Ser profeta implica estar en sintonía con el Dios de la vida; saber escuchar sus palabras en lo más profundo de nuestro ser rastreando su impronta en la historia humana. Esa palabra de Dios ha de encarnarse en lo humano para que las personas puedan tener acceso a ella y esa es realmente la misión profética. Para esa misión vino Jesús Nazareno al mundo, para ser la Palabra de Dios hecha carne. Para hacerse la voz de Dios, escuchándola desde su interior y su conciencia humanas y proclamándola a los demás de manera coherente con su propia existencia.

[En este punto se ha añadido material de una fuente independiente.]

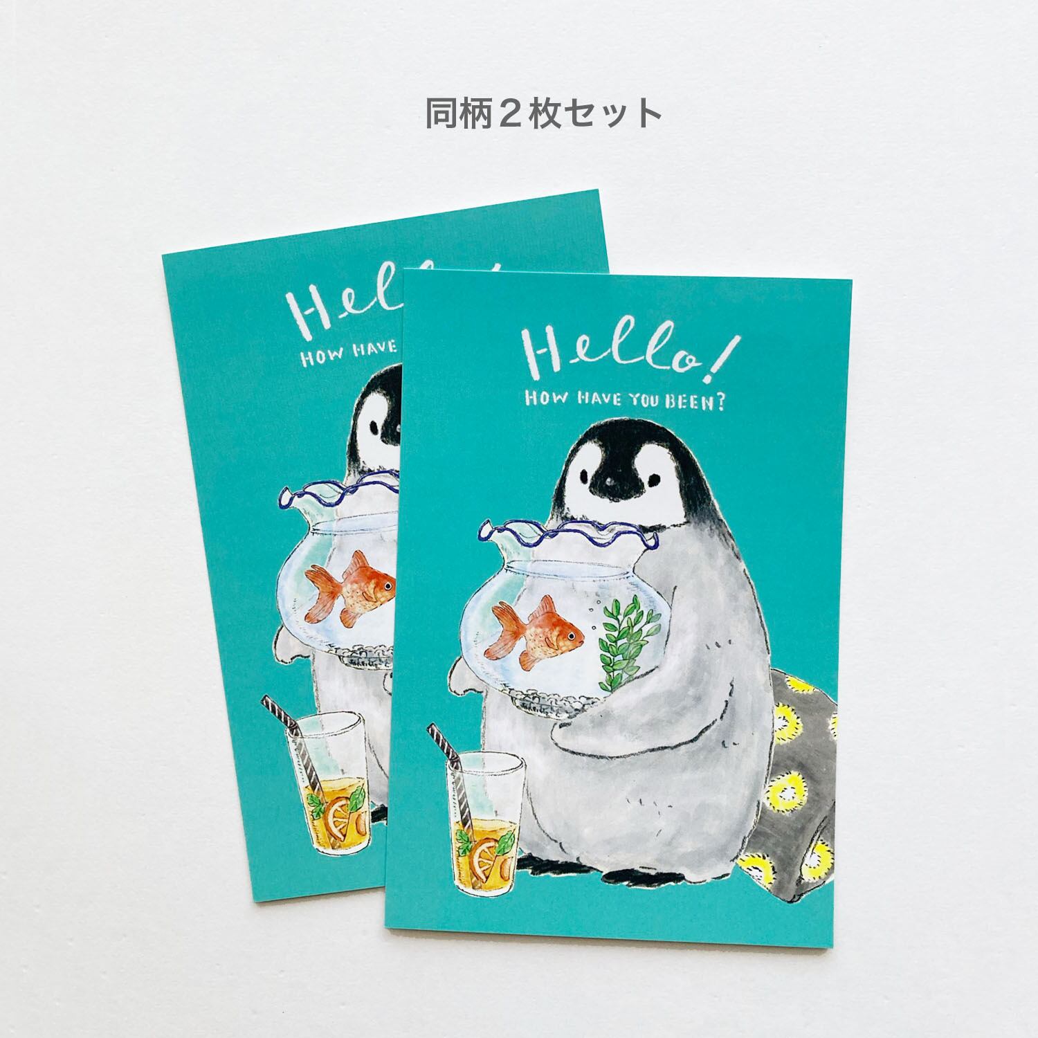 金魚鉢を抱えたキメ顔のペンギンさん…夏のお便りにぴったりなポストカードです。ペンギン好きの方にはもちろん、ご友人やご家族にも是非ご活用下さい。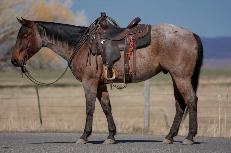 ▪️▫️◾️𝐭𝐡𝐞 𝑴𝒂𝒚 𝐒𝐞𝐥𝐞𝐜𝐭◾️▫️▪️ Happening now thru MONDAY | MAY 4th - Available EXCLUSIVELY on HorseBid's website! For more details and to register visit: www.Horsebid.com CONSIGNOR CONTACT: Larson Ranch Horses 208-541-0567 LOCATION: St. Anthony, ID BREED: AQHA REGISTERED: Yes REGISTERED NAME: LEROYS ROAN ROOSTER COLOR: Bay Roan HEIGHT: 15 AGE: 4 GENDER: Gelding Ringo is a super gentle and friendly AQHA bay roan gelding that sticks out in any crowd. He has all the charisma, charm, and characteristics that one could hope to find in a partner and friend. His quiet demeanor and beautiful build sets him apart from all the others. He's 4, but rides better than most geldings 3 times his age. He stands 15hh is kind, easy on the eyes, and a joy to be around. Ringo is no stranger to work and has been used in many different environments. He's great in the mountains and desert crossing and covering rugged country. He maneuvers his way around rocks, logs, brush, water, bogs, and other obstacles, all with ease. Ringo is really soft in all his body parts including the head and neck, and shoulders, ribs, and hind quarters making him a pretty mover in the arena ready for someone to make him their next eventing prospect. Ringo rides collects up nicely, picks up his leads and stops all on a loose rein. He's starting to spin, and when he moves, he moves effortlessly with ease and confidence. Ringo is a gentleman on the ground and comes with great manners making him safe for little ones to be around. He's so kind and respectful without being overbearing. He always aims to please and listen. Ringo has been started out of the box roping the dummy. He loves his job, wants to stop, and is strong from the horn. On the ranch he's been exposed to all of the daily chores of branding, gathering cows, sorting pairs, doctoring etc.. Ringo has been desensitized to cars and atvs, whips, tarps, noodles, flags, plastic bags, ropes, etc... If you're riding him in the arena as a queening horse or your next ranch event prospect, he’ll help capture the attention and emotions of the crowd. If you’re goal is to gather the respect of cowboys on the ranch, or showing off your new trail horse Ringo is a definite stand out that any ranch or owner would be fortunate to have. Please feel free to call if any questions. 208-541-0567 MULTIPLE REFERENCES & TESTIMONIALS AVAILABLE
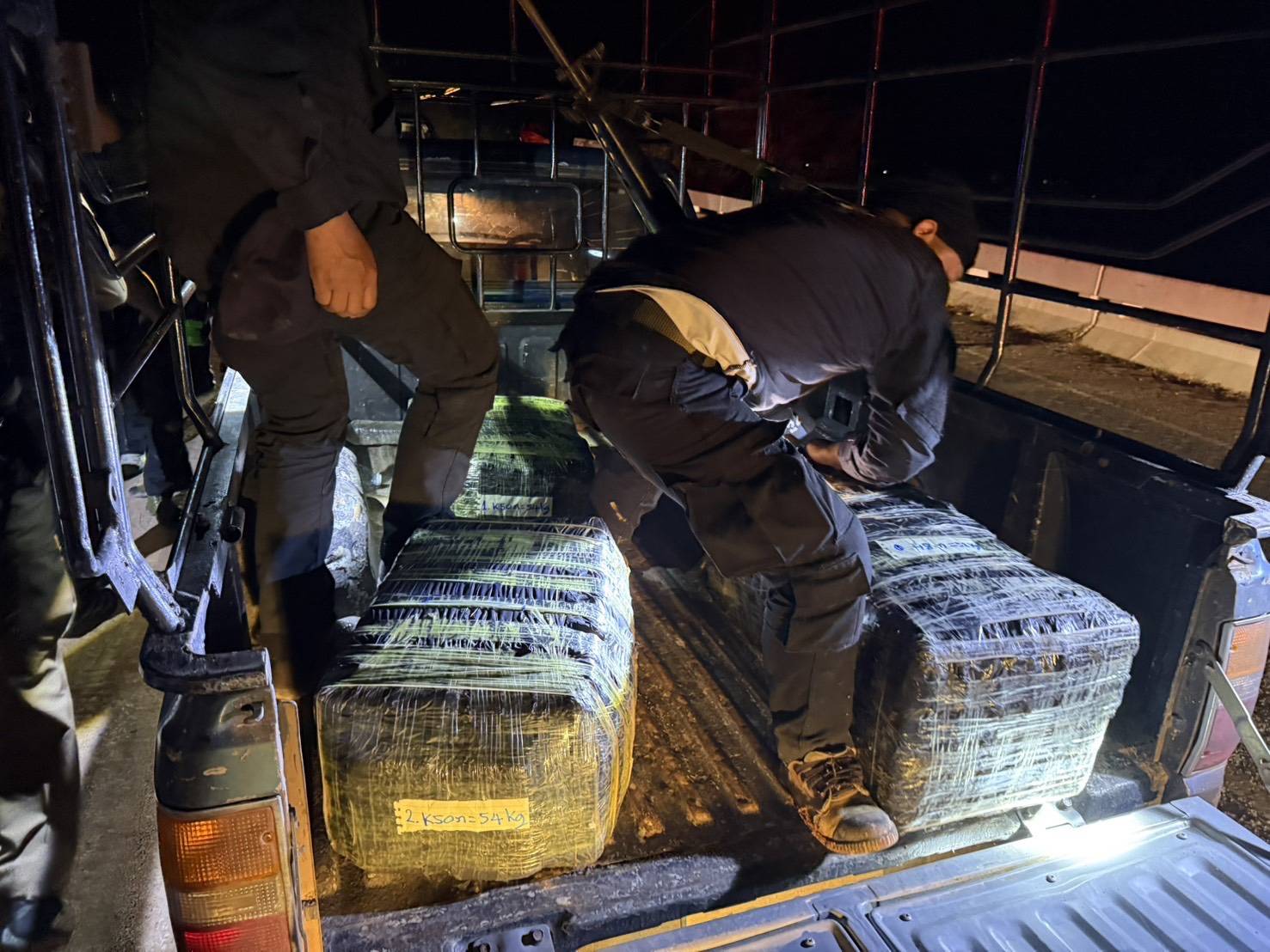 กระทั่ง เจ้าหน้าที่ชุดจับกุมได้ทำการดักซุ่ม เฝ้าสังเกตุที่บริเวณริมฝั่งแม่น้ำโขงในพื้นที่ดังกล่าว พบมีเรือมาจอดเทียบฝั่งพร้อมทั้งโยนห่อพัสดุจำนวนหลายห่อลงจากเรือแล้วขี่ข้ามฟากไปทางฝั่งลาว จากนั้นได้มีชาย จำนวน 2 คน แบกห่อพัสดุขึ้นบนรถยนต์และขับขี่ออกไป เจ้าหน้าที่ชุดจับกุมได้ส่งสัญญาณให้อีกชุดที่ทำการดักซุ่มอยู่ระหว่างทางให้เตรียมตัว ทั้งแจ้งตำหนิรถยนต์ให้ทราบ เมื่อถึงบริเวณถนนหมายเลข 212 สาย (บึงกาฬ-บุ่งคล้า) เจ้าหน้าที่ได้แสดงตัวแจ้งให้รถยนต์คันดังกล่าวหยุดรถ แต่ผู้ขับขี่รถคันดังกล่าวไม่ยอมหยุด ทั้งยังเร่งเครื่องยนต์เพื่อหลบหนี เจ้าหน้าที่จึงได้ไล่ติดตาม และได้สกัดจับผู้ต้องได้ที่บริเวณสะพานแห่งหนึ่ง ถนน สาย (พรชัย-เซกา) พื้นที่ ต.ชัยพร อ.เมืองบึงกาฬ จว.บึงกาฬ ได้ทำการจับกุมผู้ต้องหา จำนวน 2 คน 1.นายนัน (นามสมมุติ) อายุ 53 ปี - คนขับรถ 2.นายปัน (นามสมมุติ) อายุ 59 ปี - ผู้โดยสาร ผู้โดยสารคนนั่งข้างคนขับรถ พร้อมด้วย ของกลางดังกล่าวข้างต้น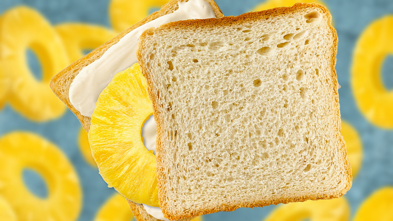 Speaking of mayo, don't be shy when using it on your sandwich. You want a nice, thick layer of mayonnaise to help keep your sandwich from getting too soggy from the pineapple. This may sound counterintuitive but the mayo will block the extra juice from your main ingredient from seeping into your bread too much. After slathering both sides of the bread with a thick, mayo layer you're all set to add your pineapple. Whether you use crushed or sliced rings is up to you, just make sure it's the stuff from the can. After all, canned pineapple is an important part of this sandwich's history.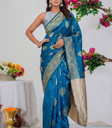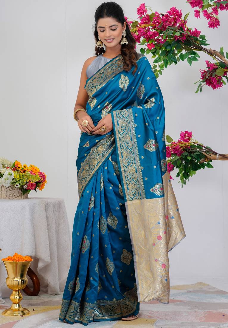 Subham woven design silk blend saree with unstitched blouse piece (turquoise)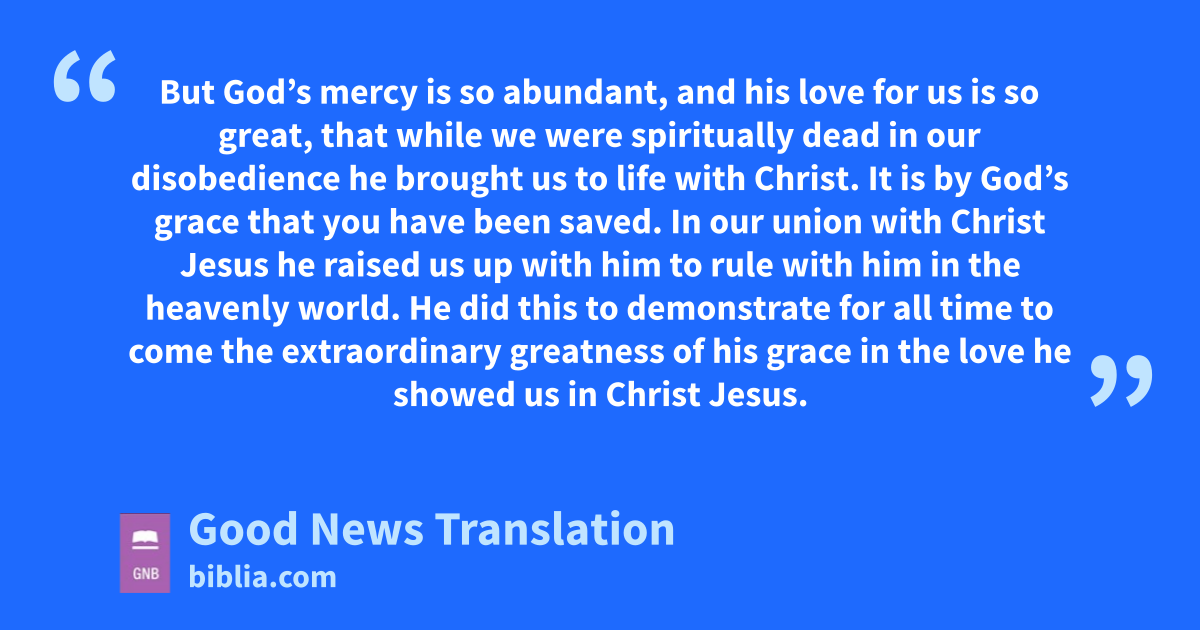 4 *But God’s mercy is so abundant, and his love for us is so great, 5*that while we were spiritually dead in our disobedience he brought us to life with Christ. It is by God’s grace that you have been saved. 6In our union with Christ Jesus he raised us up with him to rule with him in the heavenly world. 7He did this to demonstrate for all time to come the extraordinary greatness of his grace in the love he showed us in Christ Jesus. 8–9For it is by God’s grace that you have been saved through faith. It is not the result of your own efforts, but God’s gift, so that no one can boast about it. 10God has made us what we are, and in our union with Christ Jesus he has created us for a life of good deeds, which he has already prepared for us to do.

Únicamente Jesucristo puede enseñarnos con su ejemplo de vida entregada la Palabra de Dios de una manera plena, singular y sorprendente, capaz de alcanzar el corazón humano; ya que transmite unas enseñanzas que hacen resurgir la vida allí donde esa palabra es acogida, aceptada y puesta en práctica.

Él es también la fuerza liberadora y salvadora de esa palabra; quien provoca al endemoniado la pregunta al sentirse confundido y engañado por los adoctrinamientos y tradiciones a los que había sido sometido por los mandatarios. Jesús, rompiendo barreras, pone de manifiesto las falsedades de cosas que, como el endemoniado, muchos seres humanos atribuyen a un Dios poderoso pero sin corazón. La revelación de que Jesús Nazareno es «El Santo de Dios» pone de manifiesto la capacidad del espíritu inmundo para reconocer la mano liberadora de Dios donde otros se ocupan en condenar a las personas privándolas de su libertad de pensar, de creer y de su dignidad humana.

Esa fuerza liberadora de Jesucristo alcanza a la humanidad entera siendo más fuerte que el mismo poder del mal como expresión de nuestras esclavitudes y egoísmos. Pues no sólo tiene autoridad la palabra de Jesús sino, y sobre todo, sus obras en total coherencia de vida con esa Palabra de Dios. Es esa comprobación lo que suscita admiración, autoridad y asombro a los que le siguen.

Hoy también se nos invita a los cristianos a ser testigos creíbles en el mundo de la obra redentora de Jesucristo, no sólo con palabras sino sobre todo con acciones y gestos; desde esa confianza en la acción transformadora de Dios en los que nos observan, y siempre para el servicio, la entrega y el bien de las personas que nos rodean.